⁴ Department of Ecology, Evolution and Environmental Biology, Columbia University, NY 10027, U.S.A.

¹ 1620636@chester.ac.uk (corresponding author), ² hnelson@chester.ac.uk, ³ divya.pawar@utah.edu, ⁴ sarika.khanwilkar@gmail.com

Abstract:Reliable population estimate of apex predators, such as the Leopard Panthera pardus fusca, is important as they indicate ecosystem health, enable evaluation of the effectiveness of conservation efforts and provide a benchmark for future management decisions.  The present study is the first to estimate abundance of Leopard along with possible prey profile in Kuno Wildlife Sanctuary (KWLS), in central Madhya Pradesh (M.P.), India.  For systematic sampling, two study habitats, 15km² each, were identified, one close to the park entrance and the other away from the park entrance.  Sampling was carried out between March and April 2017, for a period of 18 days in each of the two study habitats, ‘good’ and ‘poor’, initially based on situation in reference to park-entry.  Each habitat was divided into five blocks each, and each block subdivided into three, 1km² observation units.  In all, 16 trail cameras were placed in pairs, one set at a time in five of the blocks, over a six–day period.  The total sampling effort was 180 trap-nights.  The trigger speed was set to 3 frames per 10 seconds, and repeated only after 20 minutes interval on infra-red detection of object.  The data was analysed using closed population capture–recapture analyses in Program MARK, to estimate Leopard abundance.  Seventy-eight Leopard detections representing eight unique individuals were found in the 30km² study site.  Seven Leopards were detected in the good habitat and one in the poor habitat. The estimate for Leopard abundance for the good habitat was 11 Leopards (SE 4.6, 95% CI = 8 – 31 individuals).  Due to limited captures/recaptures in the poor habitat, abundance could not be estimated for this habitat class.
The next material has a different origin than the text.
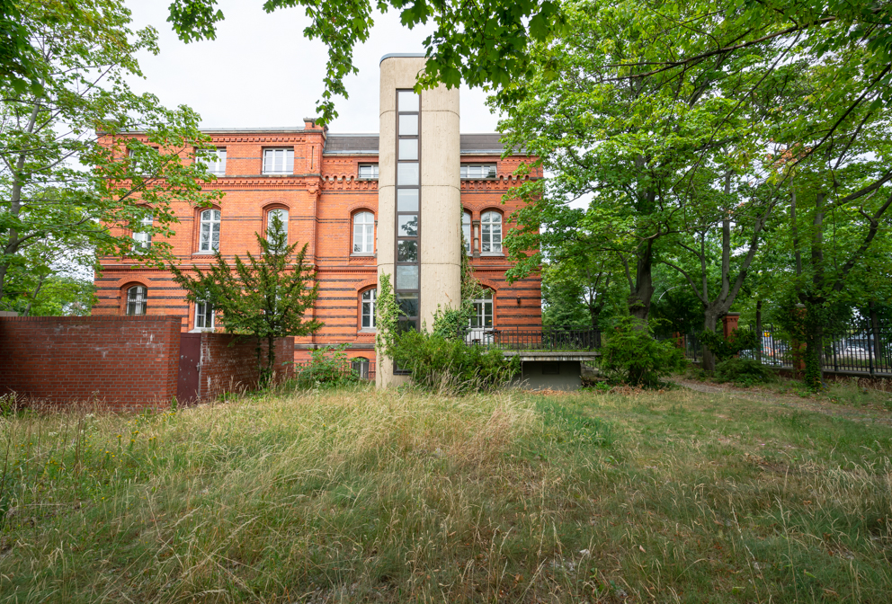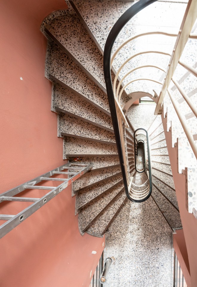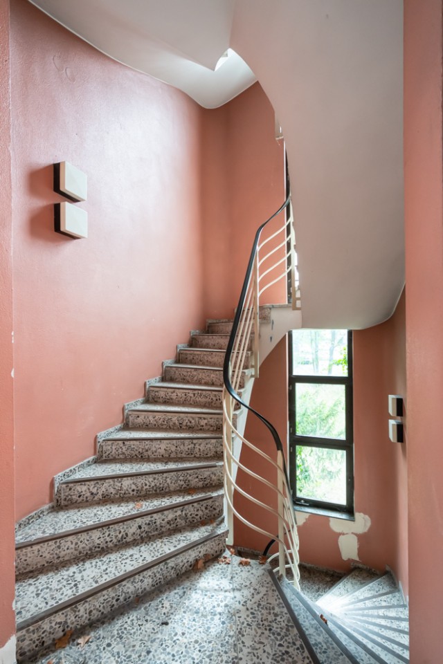 The residence also boasts unique architectural features including an elegant spiraling staircase with terrazzo flooring and speckled steps, combining classic and modern aesthetics. The dining area is particularly striking, furnished with a large wooden table, plush brown leather chairs beneath ambient pendant lighting, perfect for hosting gatherings or enjoying quiet family meals. An intriguing addition is the abandoned red-brick exterior, evocatively encircled by lush, overgrown greenery, adding a layer of historic charm and potential for creative restoration or picturesque landscaping.

Keywords: Camera trap, capture-recapture, Kuno Wildlife Sanctuary, Leopard abundance, prey diversity.

Introduction

The Kuno watershed and the Kuno Wildlife Sanctuary (KWLS) form an important stepping-stone ecosystem between the Ranthambore National Park in Rajasthan, the Madhav and the Panna national parks, in Madhya Pradesh, India (Johnsingh et al. 2007).  Historically, Kuno was known to support populations of both the Bengal Tiger Panthera tigris and Asiatic Lions Panthera leo persica (Kinnear, 1920).  However, lions have been extirpated from Kuno in the last century due to excessive hunting (Kinnear 1920), and in recent years, poaching is one of the prime threats to the survival of Leopards and tigers in India (Wildlife Protection Society of India, 2017).  A solitary male tiger was recorded in the sanctuary after it moved into Kuno from Ranthambore Tiger Reserve in December 2010 (Sharma et al. 2013).  Based on verbal communication with the forest department, Leopards Panthera pardus fusca are thought to be the primary apex predator at this site. 

KWLS is one of the sites selected for Asiatic Lion reintroduction (Johnsingh et al. 2007).  In 2009, the sanctuary was considered for reintroduction of Cheetah (Ranjitsinh & Jhala 2010).  There is always a possibility that the tiger population may grow as more animals immigrate into the sanctuary from the neighbouring Ranthambore Tiger Reserve (Sharma et al. 2013).  Therefore, an estimate of the Leopard abundance could provide useful baseline against which the distribution of all three large cats can be compared in the future.  No published studies could be traced by the authors on Leopard abundance in KWLS.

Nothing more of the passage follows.